基地による健康被害は明らか 辺野古新基地にNO!をつきつけよう 来年1月沖縄・名護市長選
来年1月25日の名護市長選挙は、沖縄と日本の平和に大きな影響のある選挙です。全日本民医連は、沖縄民医連の要請を受け、辺野古新基地建設に反対を表明している、翁長クミコさんの支援を決定。翁長さんと、沖縄民医連会長の嘉陽真美さん(医師)に、この選挙をたたかう意味を聞きました。(松本宣行記者)
犠牲を強いるシステム
沖縄・名護市と宜野座村には、キャンプ・シュワブ(海兵隊駐屯地)がすでにあります。新基地建設の計画は、宜野湾市の普天間基地を移設するという名目です。

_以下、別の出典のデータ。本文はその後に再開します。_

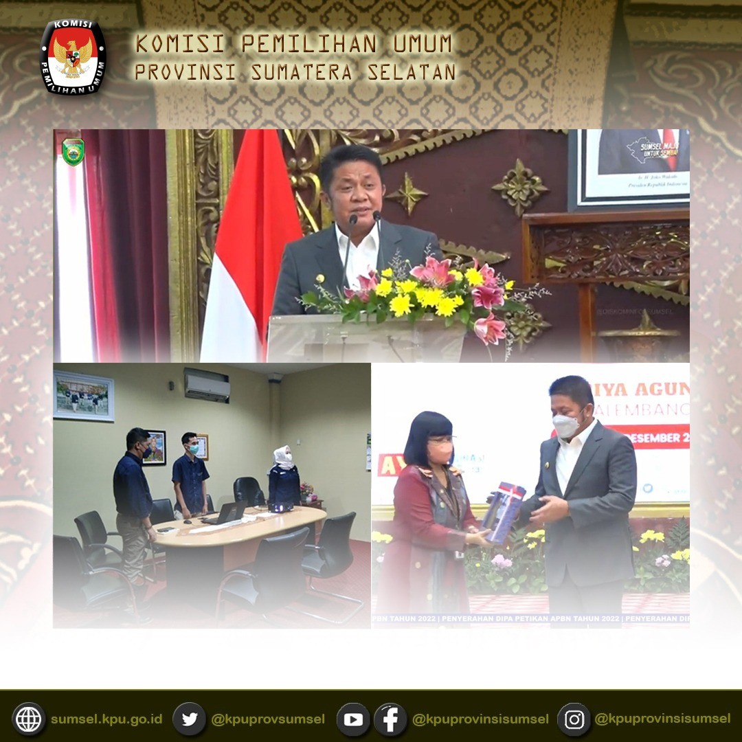 #TemanPemilih Sekretaris KPU Provinsi Sumatera Selatan di dampingi Plt. Kepala Bagian Keuangan, Umum dan Logistik Mengikuti Rapat Kegiatan Penyerahan Daftar Isian Pelaksanaan Anggaran DIPA dan Daftar Alokasi Transfer ke Daerah dan Dana Desa (DA TKDD) Tahun Anggaran 2022 yang di selenggarakan secara virtual oleh Kementerian Keuangan RI Kanwil DJPb Provinsi Sumatera Selatan diikuti oleh KPA Satker Mitra Kanwil DJPb Provinsi Sumatera Selatan.
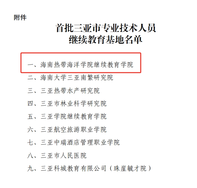 喜讯!我校继续教育学院被认定为首批三亚市专业技术人员继续教育基地
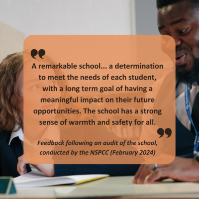 "A remarkable school... a determination to meet the needs of each student, with a long term goal of having a meaningful impact on their future opportunities. The school has a strong sense of warmth and safety for all."
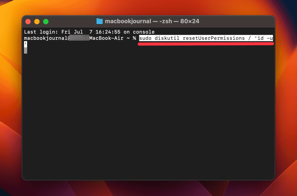 Jeśli Narzędzie dyskowe nie powiedzie się, użyj poleceń terminala, aby ręcznie naprawić uprawnienia dysku na komputerze Mac. Wykonaj poniższe kroki, aby naprawić uprawnienia dysku na komputerze Macza pomocą Terminala:

翁長さんは「駐屯地から基地への拡大は、規模がけた違い。沖縄は民間地でも軍用機が頭上を飛行し、平穏にくらすことはできない」と、名護の空を見上げます。
日本政府は辺野古移設が唯一の解決策であるという方針を堅持していますが、本土が沖縄に米軍基地を押し付けている格好で、中央政府による、犠牲を強いるシステムとも言えます。
翁長さんは「米軍機の爆音で子どもが眠れず、母親が産後うつになる。この現実を悪化させるのか。県民投票で民意はしめされている」と憤りをかくしません。

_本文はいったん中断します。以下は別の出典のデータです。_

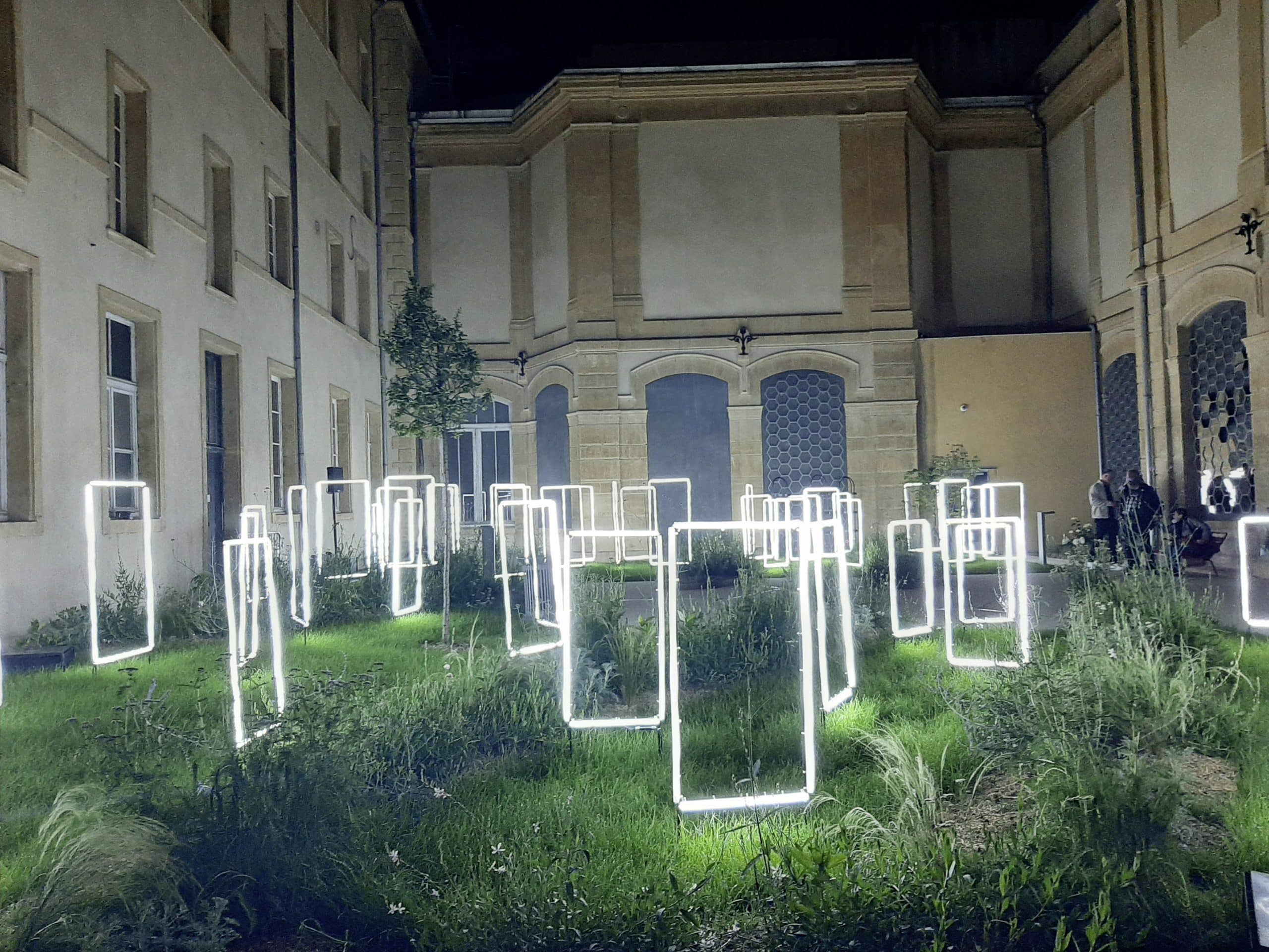 5. Installée dans la cour du musée de la Cour d’Or, l’œuvre The Fragments réalisée par le duo français NIID et l’artiste slovaque sedemminut est une série de rectangles lumineux qui bouleverse notre rapport à l’espace. Par l’utilisation de formes simples, l’artiste a la volonté d’illustrer « la complexité de la croissance urbaine ». Une installation captivante et envoûtante !
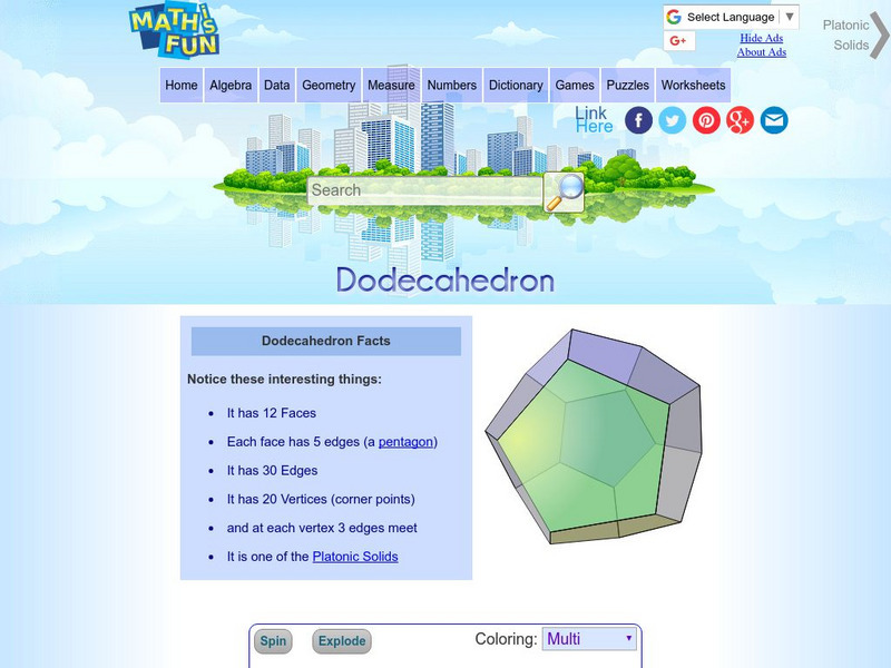 Students learn about the terminology and formulas associated with a dodecahedron. The learning resource consists of definitions and an interactive spinning dodecahedron.

沖縄をふくむ南西諸島での軍事化の進行に、翁長さんは「自衛隊は災害時に頼りにする存在だった。それがいま、政府の方針で、戦争に加担する方向になっている」と表情をくもらせます。
再編交付金に依存しない市政
米軍基地の再編交付金は、政府の意向に自治体を従わせるものですが、翁長さんはこれに頼らない市政をめざすと言います。

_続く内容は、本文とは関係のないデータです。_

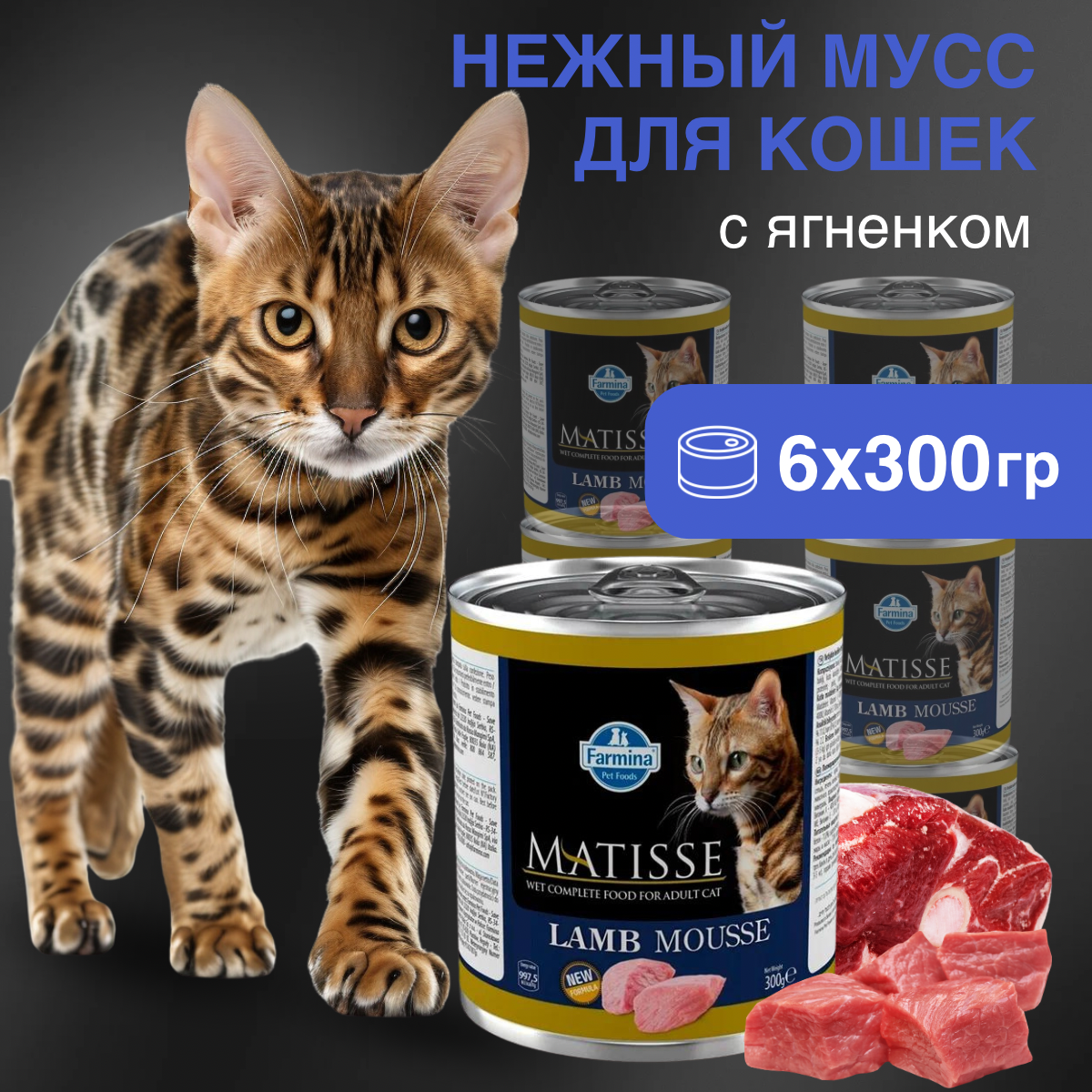 Влажный корм Farmina Matisse для взрослых, пожилых кошек и котов всех пород ,Фармина Матисс мусс со вкусом ягненка, 6шт по 300г
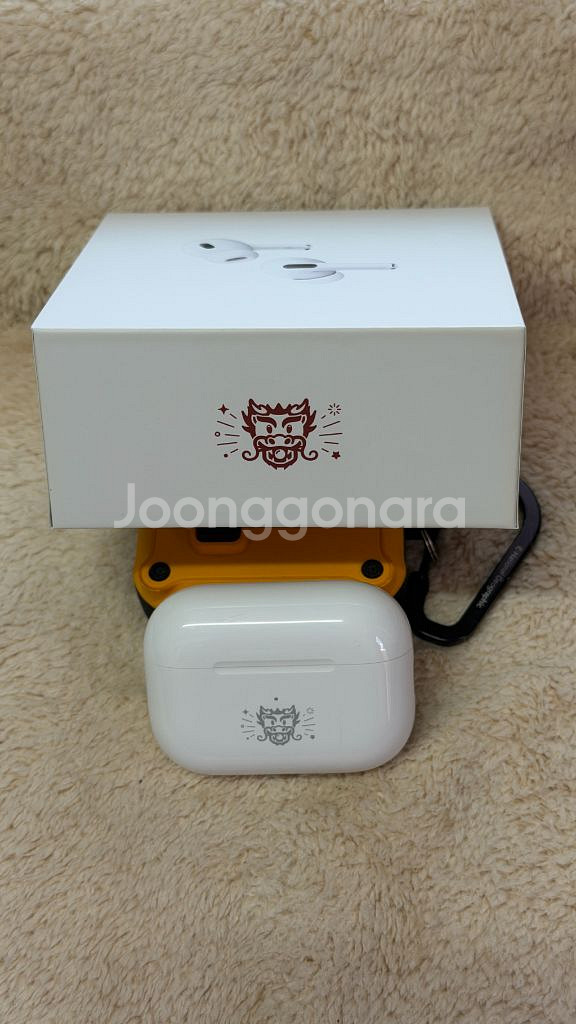 에어팟 프로 2세대 C타입으로 된 특별한 디자인의 로고가 새겨진 한정판 제품입니다. 박스 및 구성품 모두 있으며 구성품(애플 정품 케이블, 이어팁 3종)은 미사용입니다. 이어폰은 실사용에 의한 생활기스가 있으므로 구입에 참고하시기 바랍니다. 직거래는 지하철 역 이수역에서 가능하며 우편거래시 배송비는 제가 부담하겠습니다.
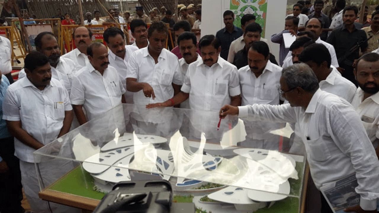 சென்னை மெரினாவில் மறைந்த முன்னாள் முதல்வர் ஜெயலலிதாவுக்கு நினைவு மண்டபம் கட்டப்பட்டு வருகிறது. எம்.ஜி.ஆர். நினைவிடம் அருகே பீனிக்ஸ் பறவை வடிவில் ரூ.50.80 கோடியில் அந்த நினைவு மண்டபம் அமைய உள்ளது. அதற்கான கட்டுமான பணிகளை தமிழக முதல்வர் எடப்பாடி பழனிச்சாமி திடீரென ஆய்வு செய்தார். அவருடன் அமைச்சர்கள் செங்கோட்டையன், வேலுமணி, காமராஜ், கடம்பூர் ராஜூ, உதயகுமார் உள்ளிட்டோரும் உடனிருந்தனர்.
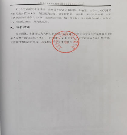 大慶頭臺(tái)油田開(kāi)發(fā)有限責(zé)任公司安全現(xiàn)狀評(píng)價(jià)報(bào)告 |
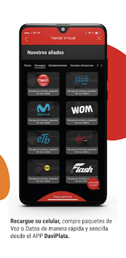 -Recharge your cell phone with minutes or data packages for operators such as Claro, Movistar, Tigo, WOM, ETB, Virgin, Exito and Flash Mobile.
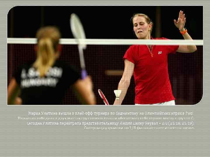 Мария Улитина вышла в плей-офф турнира по бадминтону на Олимпийских играх в Рио! Украинка победила в двух матчах группового этапа и обеспечила себе первое место в группе G. Сегодня Улитина переиграла представительницу Индии Саину Неувал – 2: 0 (21: 18, 21: 19). Соперница украинки по 1/8 финала станет известна позже.
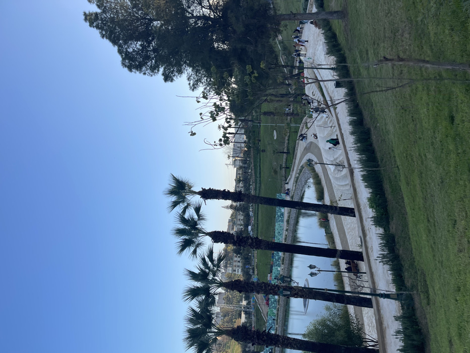 A park view features four palm trees lining a waterway. A white pathway borders the water, with people seated along its edge. A grassy expanse and more trees stretch to the right. In the distance, buildings are visible under a bright sky. Larger trees stand to the left.

沖縄の課題のひとつ、若年妊娠は、妊婦の支援、産後ケアが求められます。しかし、名護市の分娩施設は2カ所。翁長さんは「自宅出産する人たちを支援し、安全と安心を確保したい。そのためには助産院などの整備が必要」と構想を語ります。生まれてきた子どもと親が名護でくらしやすいように、現市長が基地受け入れの見返りに、再編交付金ではじめた無償化(子ども医療費・学校給食・保育料)を一般財源で実現したいと力を込めます。これらは稲嶺進さん(元名護市長)の時代に、一部は一般財源で実現し、再編交付金がなくてもできることです。また、地域で子育てをすすめるために「ゆいまーる(助け合い)」を大切にしたいと語ります。名護市は基幹病院の統廃合がねらわれており、福祉の拡充が必要です。「名護にはケアワーカーが必要。ケアワーカーの処遇を改善し、住民が介護離職せず、働き続けられるまちづくりをすすめる」と訴えます。翁長さんは「全国のいのちをまもるケアワーカーのみなさんの力を貸してほしい」と結びました。
基地への依存度が加速
嘉陽さんは「現市政は基地の交付金に頼っていて、一見よくなっているように見えるかもしれないが、基地への依存度が高くなっている」と警鐘を鳴らしました。
軍用機が発する爆音のもとでくらす人たちは、睡眠障害、頭痛、耳鳴り、圧迫感で苦しんでいます。嘉陽さんは「低出生体重児の出生率も、関係が判明している。基地による健康被害は明らか」と。
沖縄は移住先として人気がありますが、嘉陽さんは医師として懸念していることがあります。「移住者で子育て中の人たちには地域社会とのかかわりがない人もいる。自治体による産後ケアの差をなくし、より充実したケアを実現してほしい」と期待を語りました。
平和のために全国から沖縄へ
嘉陽さんの祖父母は米軍が最初に上陸した慶留間島でくらしていました。叔父と曾祖母が集団死しています。「曾祖母が私の母に手をかけていたら、私は生まれていない。祖父も集団死を経験し、誰にも打ち明けずに亡くなり、孫の私は残された手記で地獄を知った。戦争は自分事としてとらえている」と言葉を絞り出します。嘉陽さんは「沖縄民医連の職員は一人ひとり、知っている戦争体験がある」と静かに訴えます。
全国の民医連職員へのメッセージとして「沖縄の平和のために、辺野古の新基地建設反対を明言している翁長クミコさんを支援してほしい。地元市長が反対となれば、大きな民意の表明になる。全国から名護に結集してほしい」と呼びかけました。